REQUIRED ACTION: From the first line to the last, write out the records exactly, leaving the pictures behind.

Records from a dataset
################

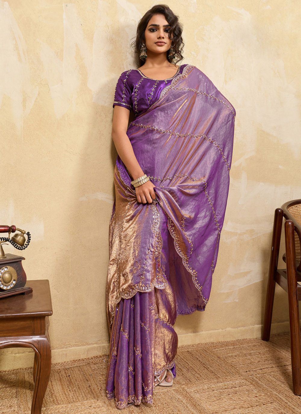 This Lavender Embroidered Classic Saree features premium velvet satin fabric adorned with intricate cutdana and zari detailing. The rich texture adds depth and dimension, while the elegant embroidery elevates its festive appeal. Comes with matching blouse.
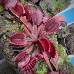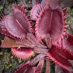 Growth Habit: Venus flytraps are low-growing bog plants native to North and South Carolina. These plants grow their traps, modified leaves, from a rhizome that spreads over time. The traps will die back frequently all year, have high leaf turnover, and many new traps will grow throughout the spring and summer. In spring, the traps grow, often low to the ground and small. In summer, they grow their best traps, taller and more prominent. As Fall comes on, the traps start to die back, growing lower to the ground and smaller, and by winter, the plant will be dormant, with many or all of the traps gone, but the rhizome remains healthy and intact throughout winter dormancy even if you cannot see any traps growing. Venus flytraps have black roots, and not generally not many of them.
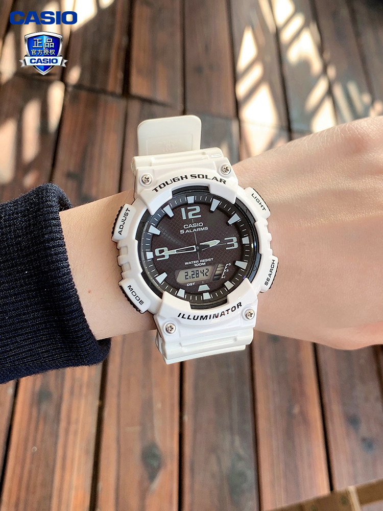Casio Watch for Men and Women, Couples, Students, White, Waterproof, Luminous, Dual Display, Solar Energy, Quartz Aq-S810
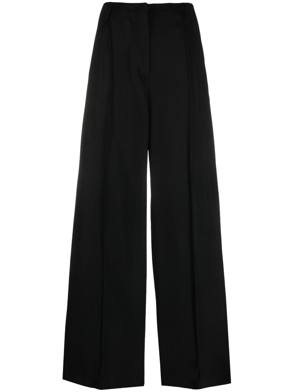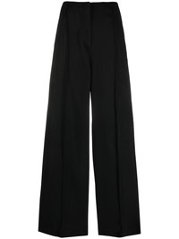 high-waisted wool-cotton palazzo pants Highlights - Jet black - Wool-cotton blend - Palazzo design - Pleat detailing - High-waisted - Belt loops - Concealed front fastening - Two side slash pockets - Two rear welt pockets - Wide leg Imported Composition Outer: Wool 69%, Viscose 31% Lining: Cotton 100% SIZE & FIT Model measurements Height 5 ft 9 in(1.76 m) Bust/Chest 33.07 in(84 cm) Hips 34.64 in(88 cm) Waist 25.59 in(65 cm) Measurement FRONT RISE 12.99 in(33 cm) INSIDE LEG 31.1 in(79 cm) HIPS 33.07 in(84 cm) LEG OPENING 25.19 in(64 cm) WAIST 23.62 in(60 cm) Washing instructions Dry Clean Only
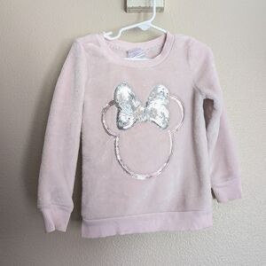 Plush pink Minnie mouse sweatshirt. Pullover crew neck, size 4T. Sequin Minnie Mouse outline on the front. Some light stains on sleeve cuffs. Smoke free home.
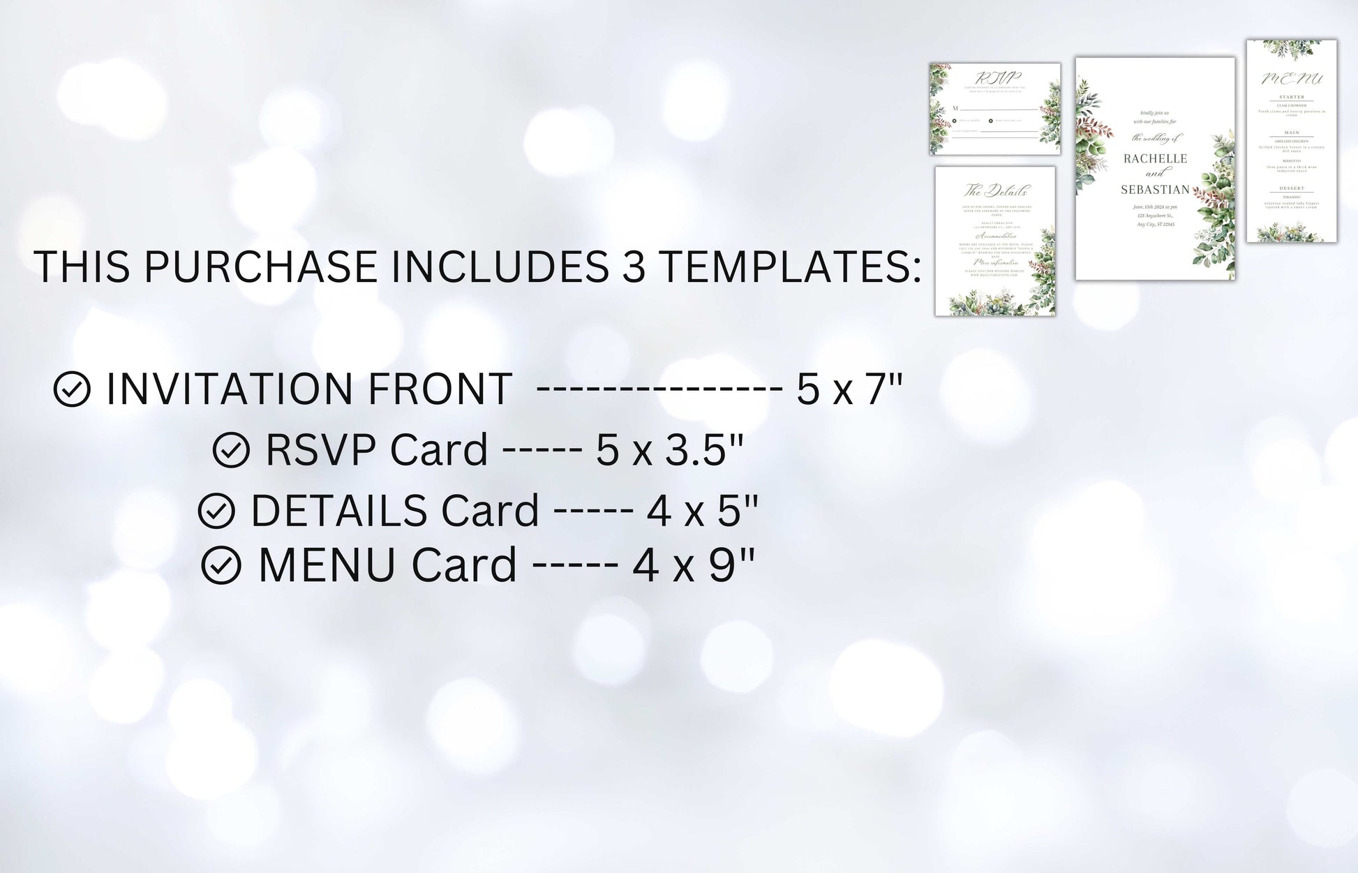 Wedding Invitation Template, Printable Wedding Invitation, Wedding Invitation, RSVP Invitation, Details, Wedding Invitation Bundle. WI73
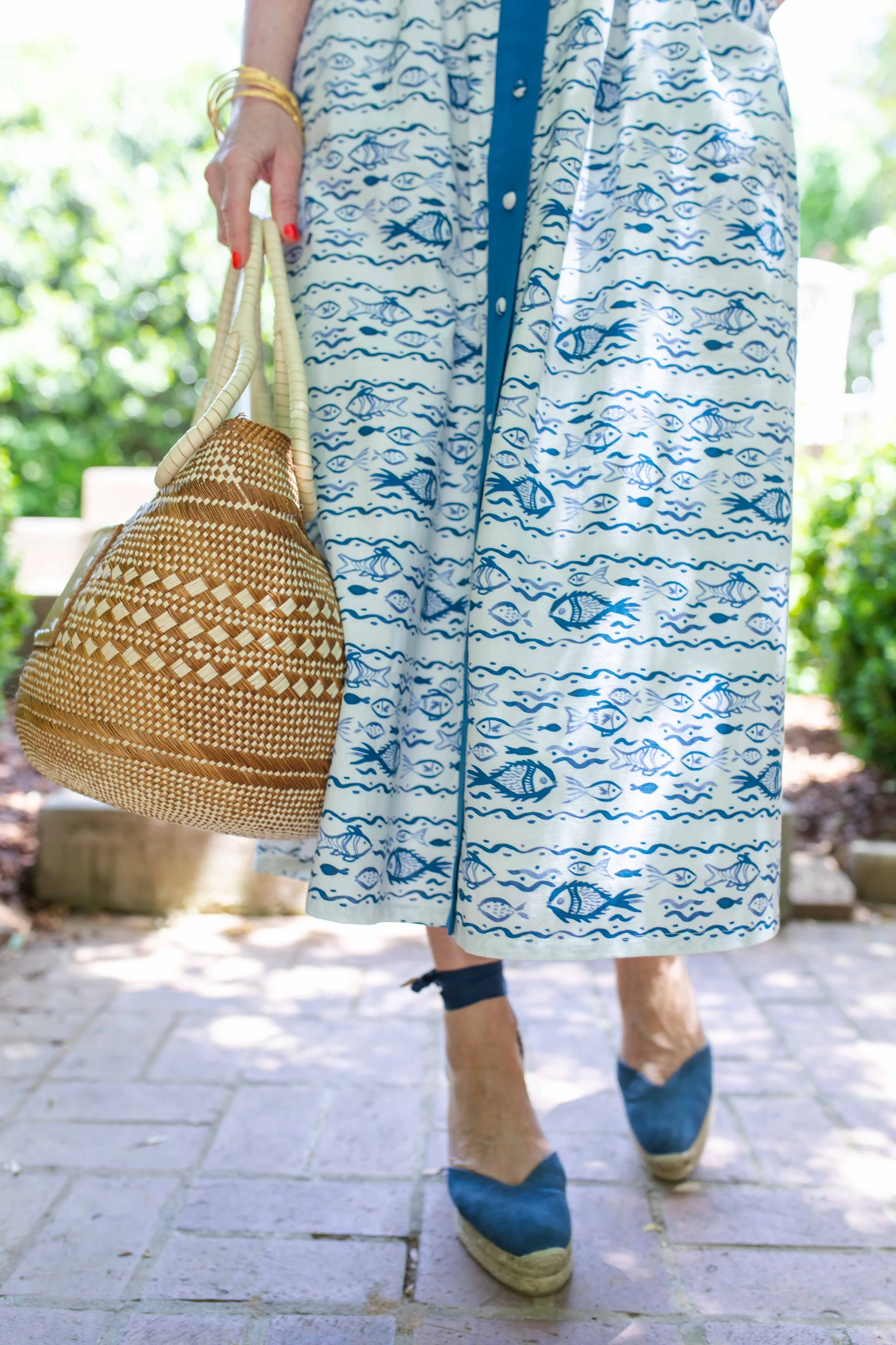 skirt (gifted) / similar shirt / espadrilles / hat (size small here + size large here) / handbag / earrings / bangles / sunglasses / lip color / nail color

################

EXPECTED OUTPUT:
 This Lavender Embroidered Classic Saree features premium velvet satin fabric adorned with intricate cutdana and zari detailing. The rich texture adds depth and dimension, while the elegant embroidery elevates its festive appeal. Comes with matching blouse.
 Growth Habit: Venus flytraps are low-growing bog plants native to North and South Carolina. These plants grow their traps, modified leaves, from a rhizome that spreads over time. The traps will die back frequently all year, have high leaf turnover, and many new traps will grow throughout the spring and summer. In spring, the traps grow, often low to the ground and small. In summer, they grow their best traps, taller and more prominent. As Fall comes on, the traps start to die back, growing lower to the ground and smaller, and by winter, the plant will be dormant, with many or all of the traps gone, but the rhizome remains healthy and intact throughout winter dormancy even if you cannot see any traps growing. Venus flytraps have black roots, and not generally not many of them.
Casio Watch for Men and Women, Couples, Students, White, Waterproof, Luminous, Dual Display, Solar Energy, Quartz Aq-S810
 high-waisted wool-cotton palazzo pants Highlights - Jet black - Wool-cotton blend - Palazzo design - Pleat detailing - High-waisted - Belt loops - Concealed front fastening - Two side slash pockets - Two rear welt pockets - Wide leg Imported Composition Outer: Wool 69%, Viscose 31% Lining: Cotton 100% SIZE & FIT Model measurements Height 5 ft 9 in(1.76 m) Bust/Chest 33.07 in(84 cm) Hips 34.64 in(88 cm) Waist 25.59 in(65 cm) Measurement FRONT RISE 12.99 in(33 cm) INSIDE LEG 31.1 in(79 cm) HIPS 33.07 in(84 cm) LEG OPENING 25.19 in(64 cm) WAIST 23.62 in(60 cm) Washing instructions Dry Clean Only
 Plush pink Minnie mouse sweatshirt. Pullover crew neck, size 4T. Sequin Minnie Mouse outline on the front. Some light stains on sleeve cuffs. Smoke free home.
 Wedding Invitation Template, Printable Wedding Invitation, Wedding Invitation, RSVP Invitation, Details, Wedding Invitation Bundle. WI73
 skirt (gifted) / similar shirt / espadrilles / hat (size small here + size large here) / handbag / earrings / bangles / sunglasses / lip color / nail color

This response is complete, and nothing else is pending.